Product: Population Bulletin, vol. 56, no. 3

Author: PRB

Date: October 2, 2001

(October 2001) What will the future inhabitants of the world be like? How many will there be, and what kind of world will they live in? We can only speculate about the answers to these questions, but we can be reasonably sure that population characteristics and social and environmental factors are likely to become more interconnected. Global environmental changes, for example, will be driven in part by the evolving size, geographic distribution, and makeup of the world’s population. In turn, changes in societies, economic systems, and the environment will influence population dynamics.

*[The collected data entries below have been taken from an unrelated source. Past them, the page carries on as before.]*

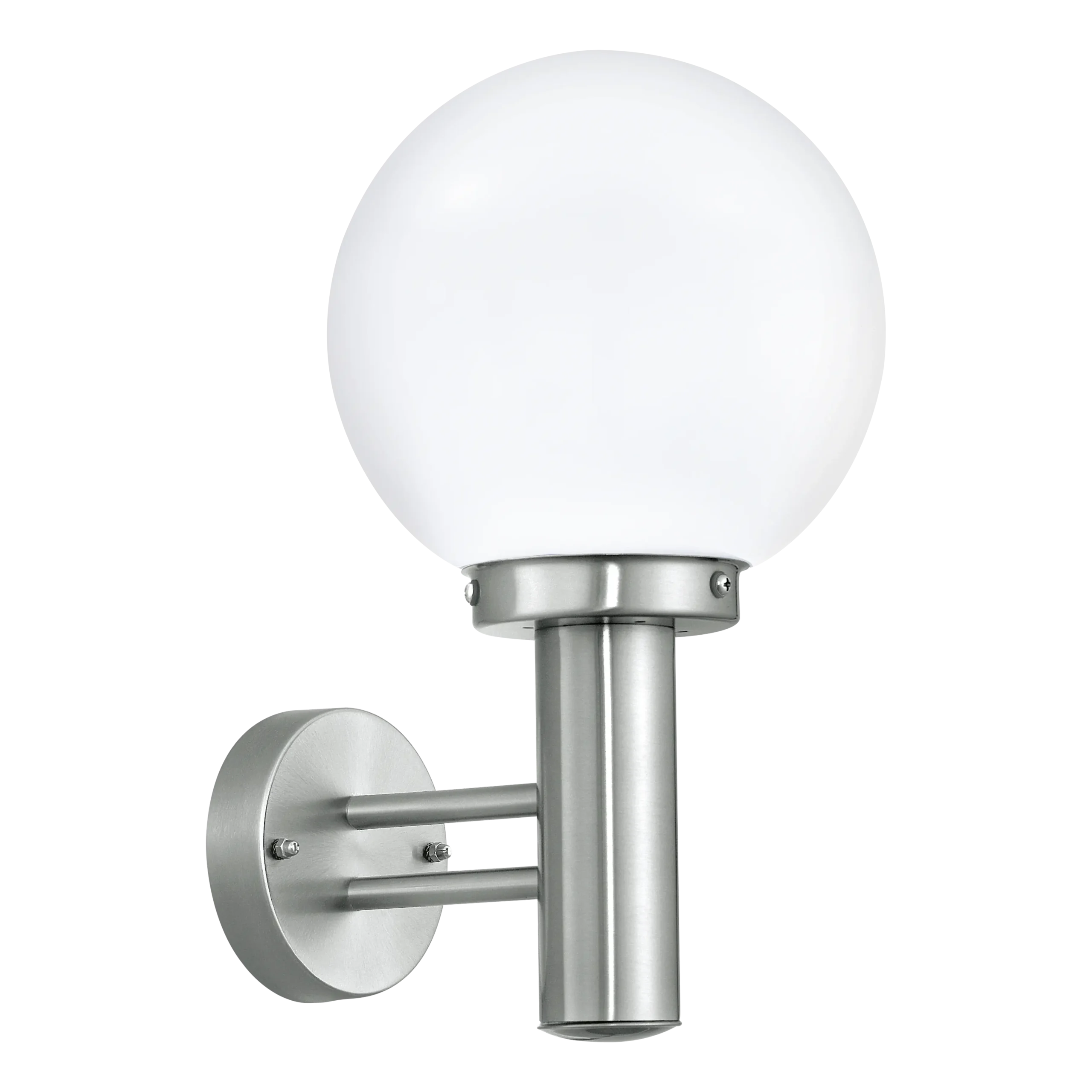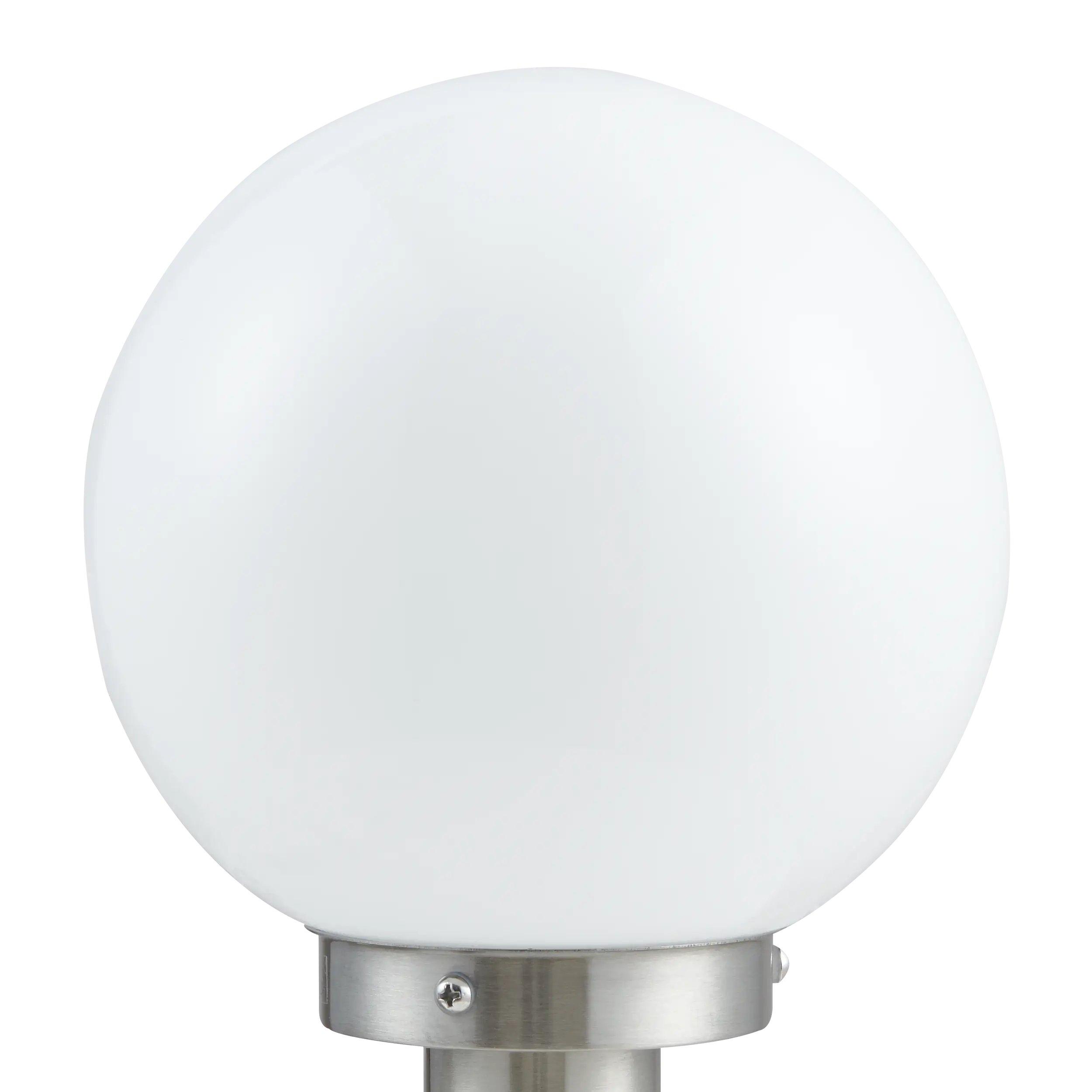 Contemporary outdoor style – Modern design featuring a satin-white glass globe atop a stainless-steel body; elegantly fits entrance ways, patios, or exterior walls.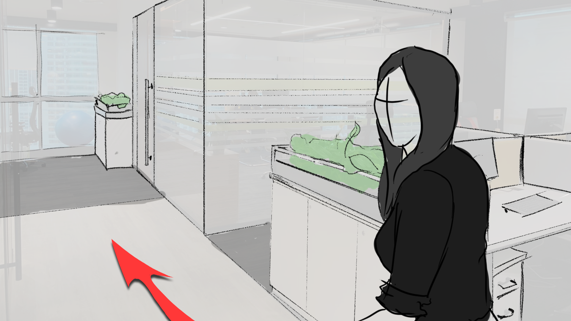 The Solar location shot will be masked out from a tab in her hand and she will walk through the alley.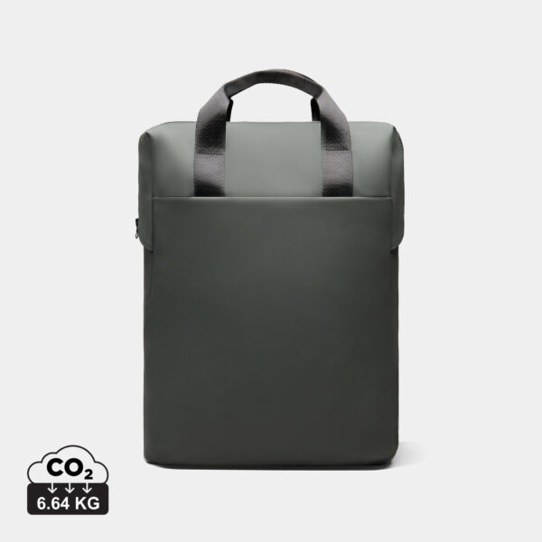 Laminuoto RPET poliesterio pirkinių krepšys su kiauraraščiu ir trumpomis rankenomis, 110 g/m². Su išskirtine RPET etikete.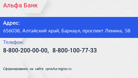 Альфа-Банк по адресу 656038, Алтайский край, Барнаул, проспект Ленина, 58 в дальнейшем Организация, размещена в следующих категориях: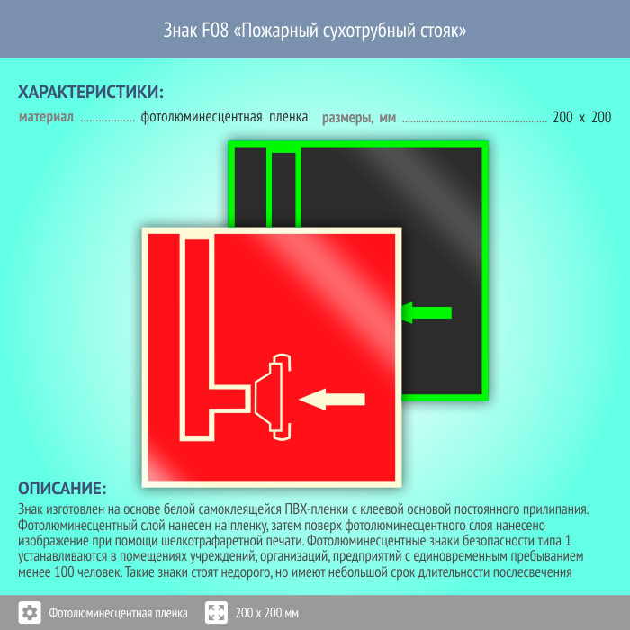 Знак F08 «Пожарный сухотрубный стояк» (фотолюминесцентная пленка, 200х200 мм) в Бердске купить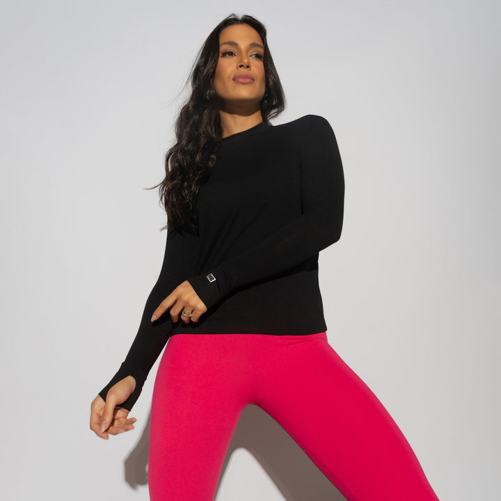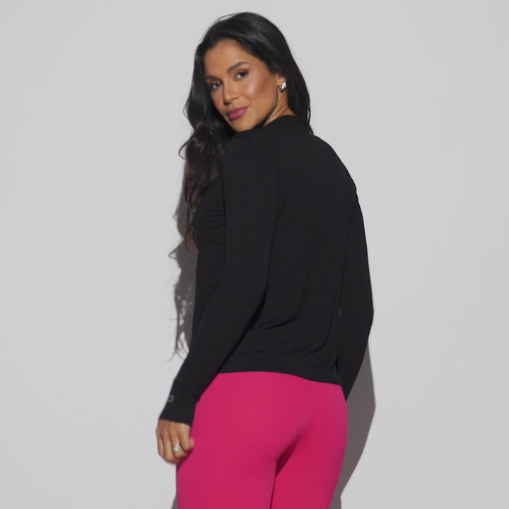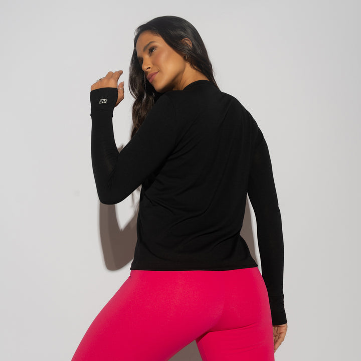 <strong>Blusa Fitness Preto Com Manga Longa HNB</strong>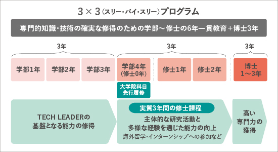 本学は、生物、化学、電子、情報、機械、デザイン・建築など幅広い分野を網羅する工科系大学として、「専門力」「リーダーシップ」「外国語運用能力」「個の確立」を備えた「TECH LEADER」を育成しています。このためには、修士課程を含む6年一貫の教育が必要だと考え、「学士4年-修士2年-博士3年」の学年構造を実質的に「学士3年-修士3年-博士3年」に変更した「3×3(スリー・バイ・スリー)」という教育プログラムを採用しています。これは、学部から修士課程までの6年間を一体として捉え、さらにその後の博士課程3年間を見据えたカリキュラム設計です。学部3年次までに各課程の専門科目、教養科目、英語を鍛え上げる科目などを履修し、専門力の基礎を養い、学部4年次では、卒業研究に取り組みながら大学院科目を先行履修することが可能です。そのため、修士の学生生活に時間的なゆとりが生まれ、海外留学やインターンシップ、研究活動の深化などにあてることができ、充実した学生生活を送ることができます。

The nature of these linkages is unclear. Scientists do not agree on how (and how much) demographics, in concert with social, economic, and cultural forces, affect the environment; and they cannot know precisely how much socioeconomic and environmental factors will sway individuals’ future decisions about when or whether to have children, practice good health, or move to a new country. Yet the fact that forecasts of future population dynamics are inherently uncertain does not make them any less important. Scientists and policymakers are turning more attention to population projections. Their interest is driven by concern about the potential effects of aging populations on social security systems and economic growth, the possibility of declining populations in some industrialized countries, the long-term consequences of HIV/AIDS, and the implications of demographic trends for long-term environmental changes such as global warming and loss of biodiversity.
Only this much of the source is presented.